▸ **Problem**
Your task is to write out every line of the data exactly. Drop the pictures.

▸ **Data excerpt**

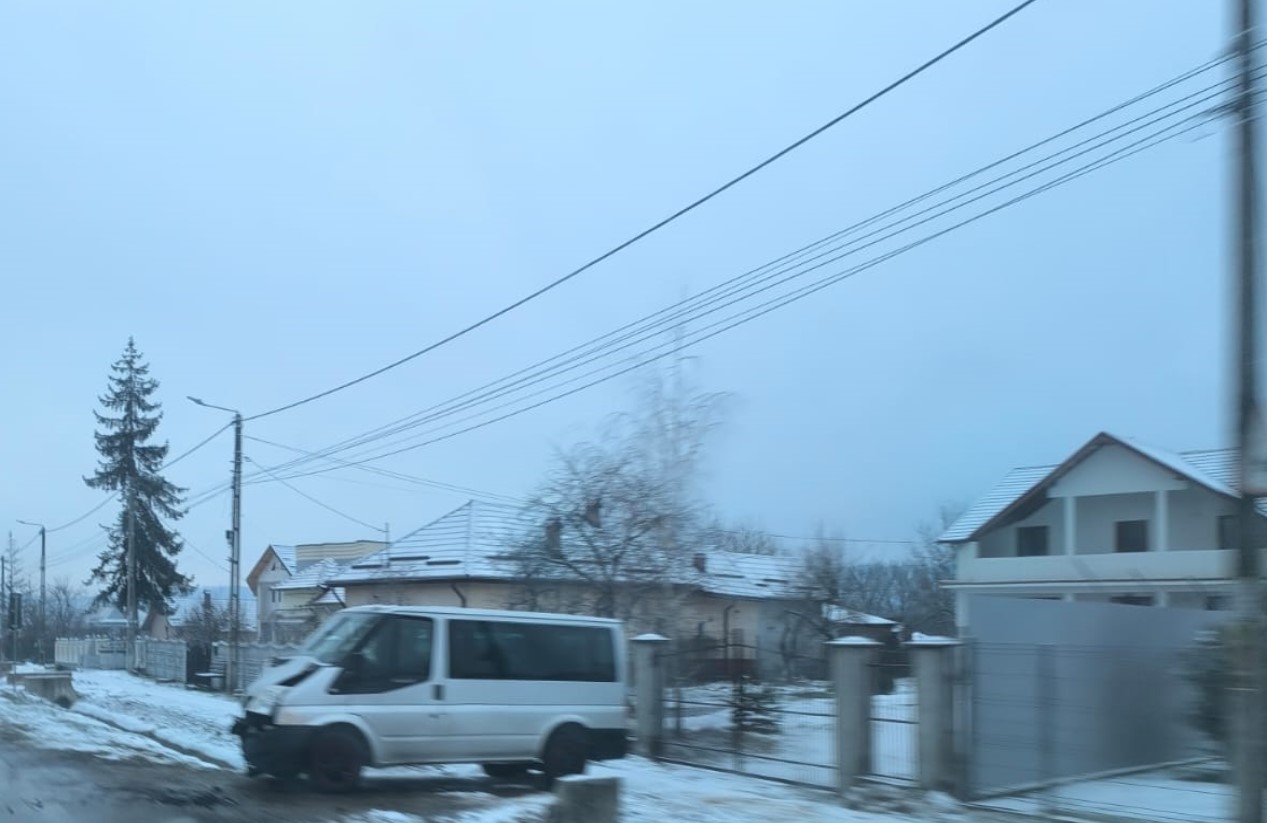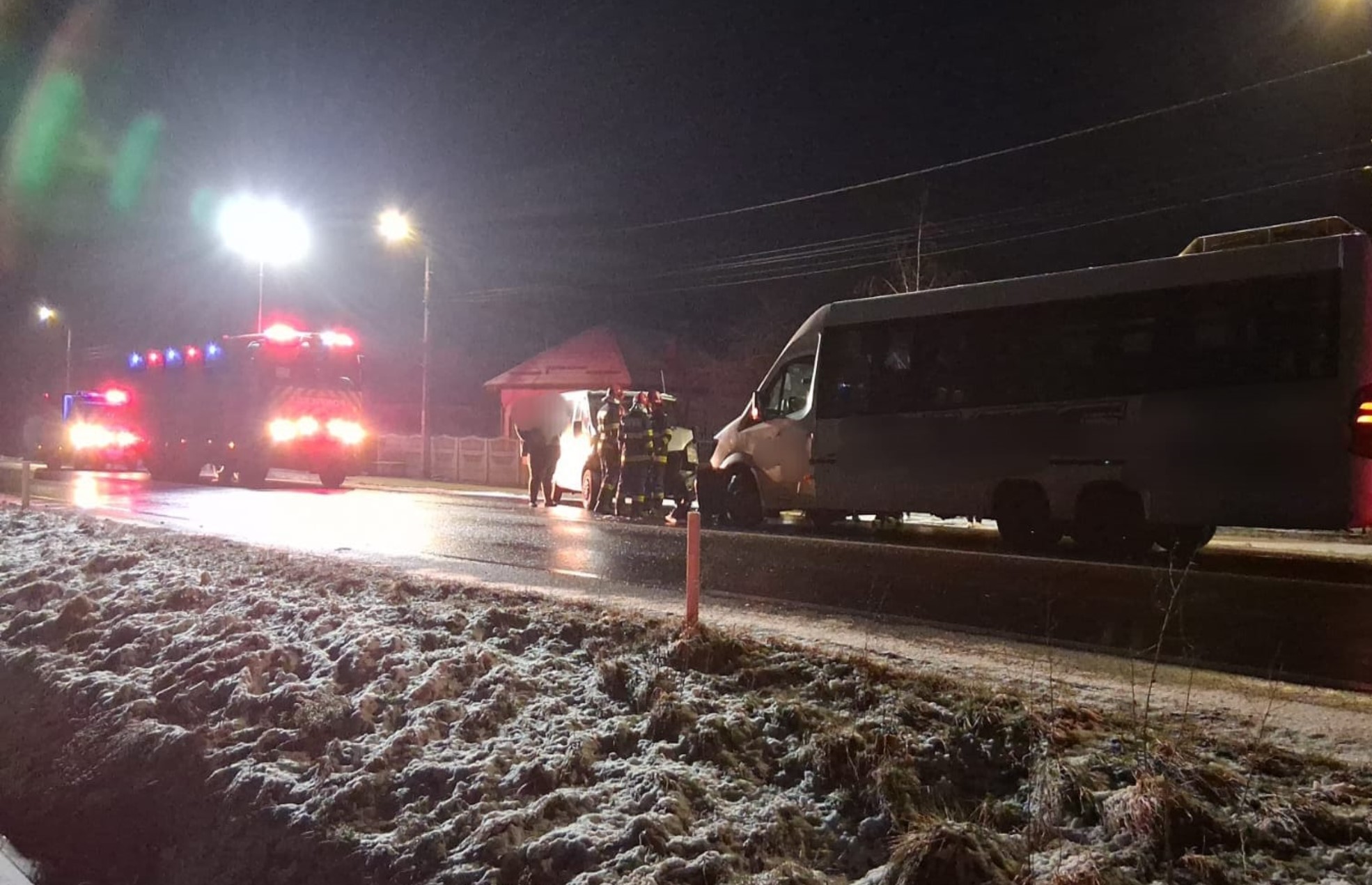 Momente de panică la Stâlpeni: microbuz plin cu pasageri, lovit de o autoutilitară.
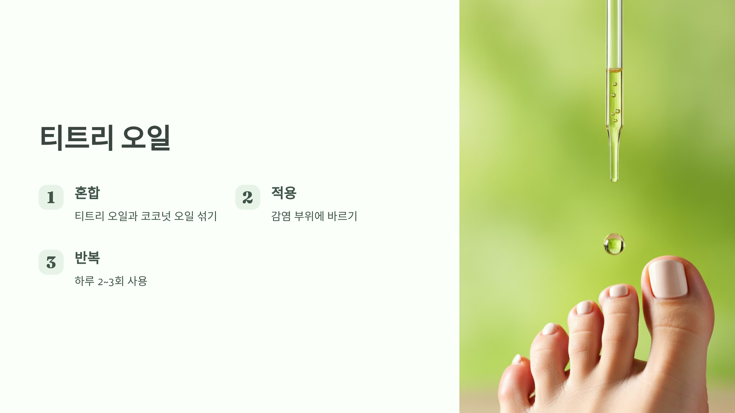티트리 오일은 강력한 항진균, 항균 작용이 있어 무좀 치료에 자주 활용됩니다. 단, 피부 자극을 피하기 위해 반드시 희석해서 사용하세요.
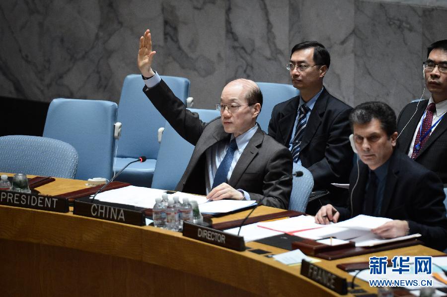 2月15日,在纽约联合国总部,安理会轮值主席、中国常驻联合国代表刘结一(左)投票赞成安理会关于也门局势的决议。联合国安理会当日就也门局势召开紧急会议并一致通过决议,敦促也门胡塞武装组织从政府机构撤出并无条件参加联合国斡旋的谈判。新华社记者牛晓雷摄

▸ **Worked solution**
 Momente de panică la Stâlpeni: microbuz plin cu pasageri, lovit de o autoutilitară.
티트리 오일은 강력한 항진균, 항균 작용이 있어 무좀 치료에 자주 활용됩니다. 단, 피부 자극을 피하기 위해 반드시 희석해서 사용하세요.
 2月15日,在纽约联合国总部,安理会轮值主席、中国常驻联合国代表刘结一(左)投票赞成安理会关于也门局势的决议。联合国安理会当日就也门局势召开紧急会议并一致通过决议,敦促也门胡塞武装组织从政府机构撤出并无条件参加联合国斡旋的谈判。新华社记者牛晓雷摄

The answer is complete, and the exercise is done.